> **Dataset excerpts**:
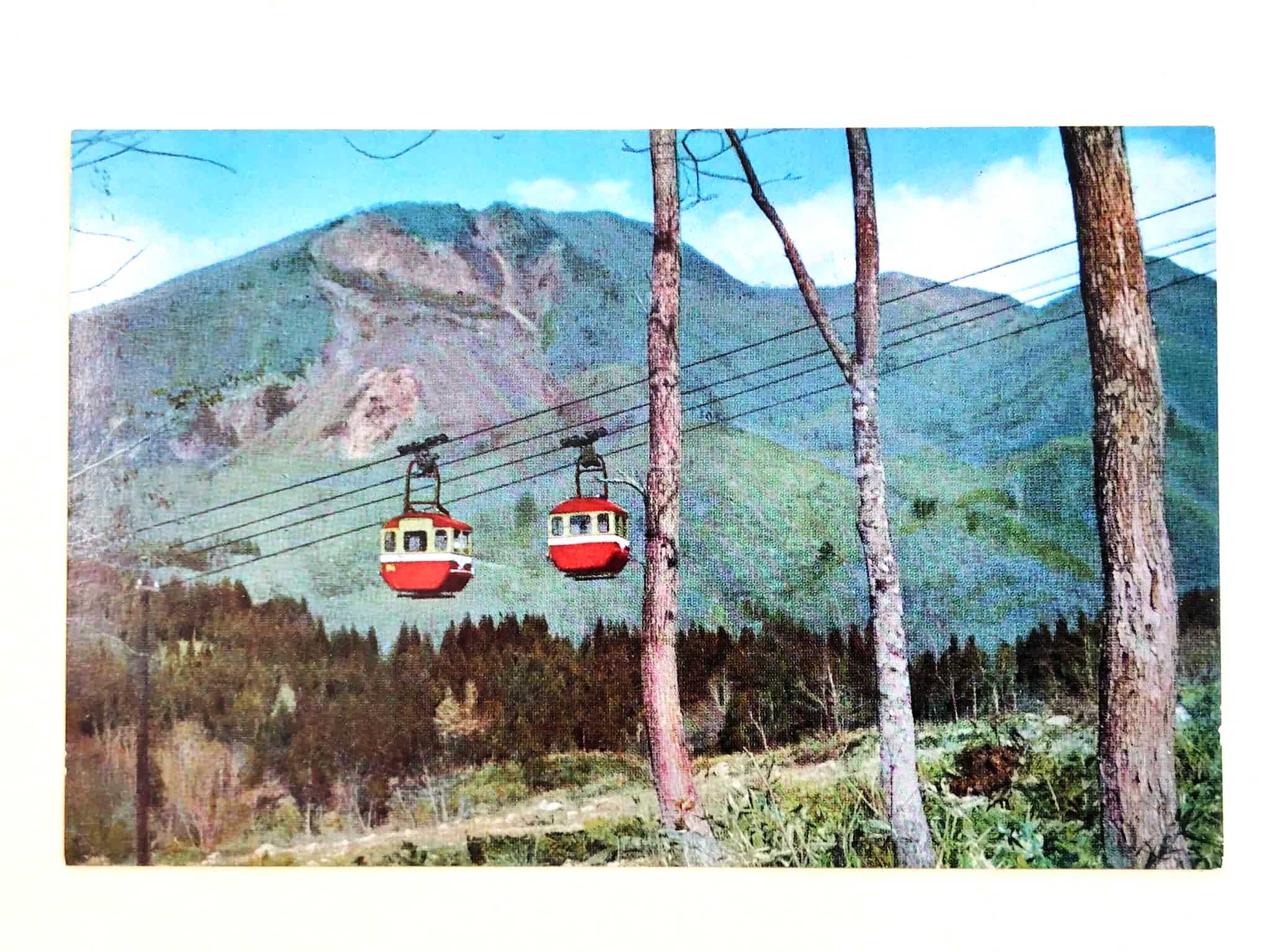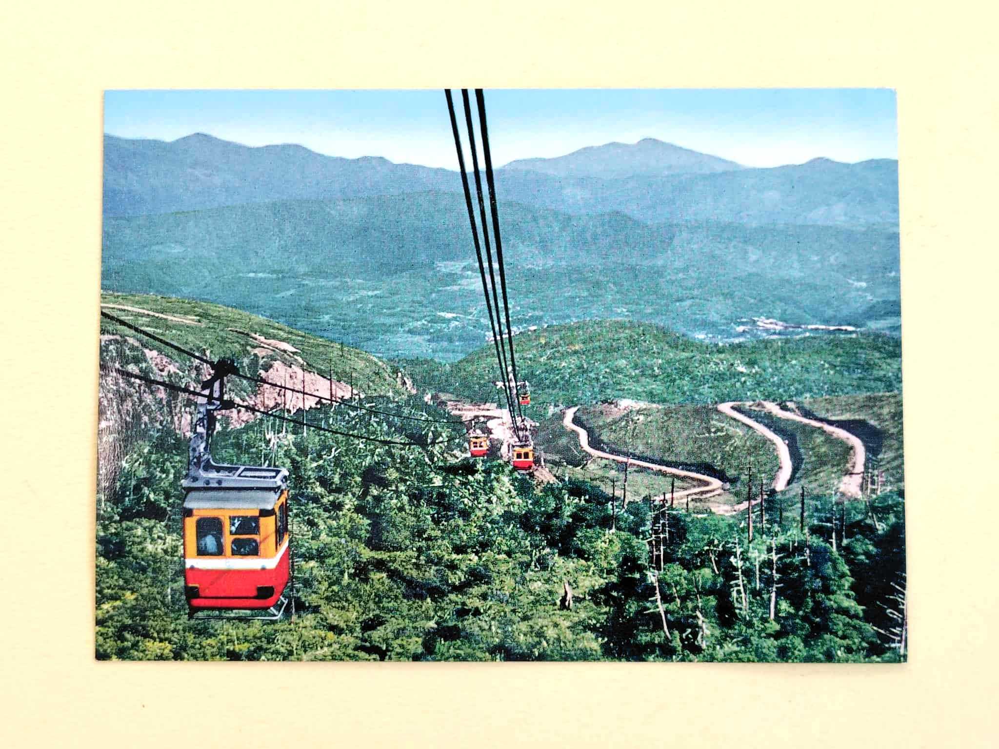 これは蔵王登山ケーブル(現在の蔵王スカイケーブル)の絵葉書。こういう木立ちの向こう側に見える構図の絵葉書は初めてみました。
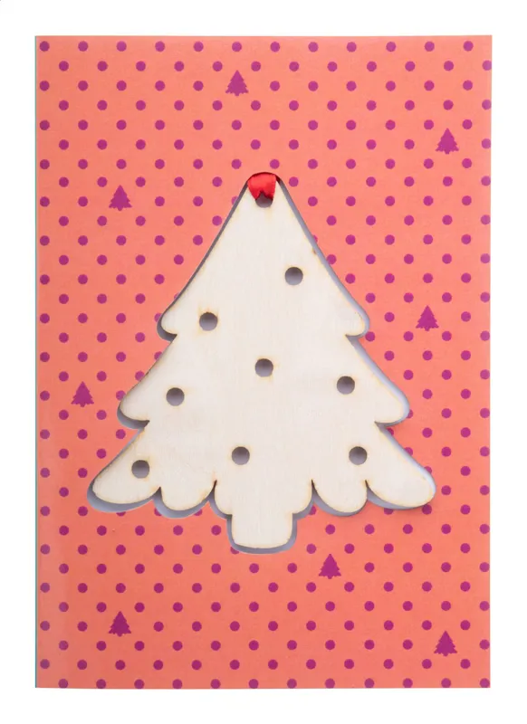 Egyedi grafikával, papírból készült, mindkét oldalán nyomtatható karácsonyi üdvözlőlap, fából készült karácsonyfadísszel piros szalagon. C6 borítékkal szállítjuk. Minimum rendelési mennyiség: 100 db.
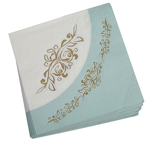 Made from 3-ply paper, the napkins feature a delicate design in turquoise.
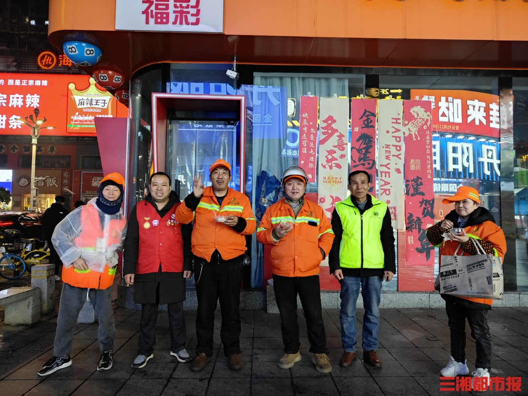 “大姐,夜间风大,喝点银耳莲子羹暖暖身子”“我们准备了衣服和手套,可以用来御寒”……3月3日,长沙市黄兴南路步行街上,广州利富蜗牛公益服务中心组织志愿者在街头开展为期三天的志愿服务活动。3月3日开始,志愿者分为两组,每日19时前往长沙黄兴南路步行街、火车站、五一广场、湘江大道等地,为环卫工人等送去银耳莲子羹、饺子、汤圆等热食,以及衣服、手套等御寒物资。若是遇到了困难残障人士,还会送上新年红包。
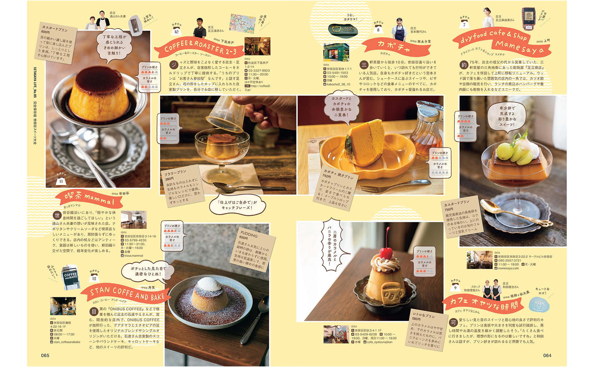 さらに、独特の引力を放つ喫茶店の甘いものにも注目します。愛しきレトロな魅力があふれ、どこか心がほっとする味わいを、東京喫茶店研究所の難波純子さんと一緒に紐解きます。人気の“カタウマなプリン”も一挙に集め、世田谷中の名品をギュッとお届け。
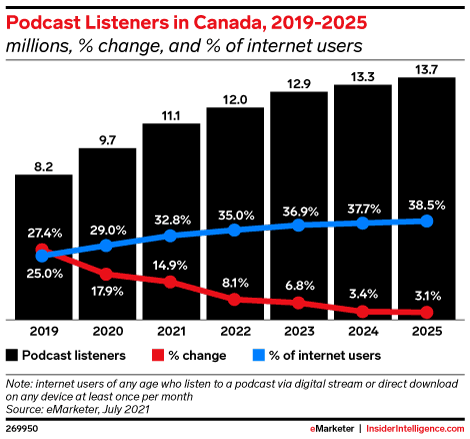 Canada’s digital audio audience is growing faster than any other digital medium we track in the country, including digital video viewers and social media users. This year, digital audio will match terrestrial radio in listenership and exceed it in engagement, according to our forecasts.

> **YOUR INSTRUCTIONS**: Take the line containing "さらに、独特の引力を放つ喫茶" and every line after it up to the end of the data, and write them out exactly, without the pictures.

> **ANSWER SPACE**:
 さらに、独特の引力を放つ喫茶店の甘いものにも注目します。愛しきレトロな魅力があふれ、どこか心がほっとする味わいを、東京喫茶店研究所の難波純子さんと一緒に紐解きます。人気の“カタウマなプリン”も一挙に集め、世田谷中の名品をギュッとお届け。
 Canada’s digital audio audience is growing faster than any other digital medium we track in the country, including digital video viewers and social media users. This year, digital audio will match terrestrial radio in listenership and exceed it in engagement, according to our forecasts.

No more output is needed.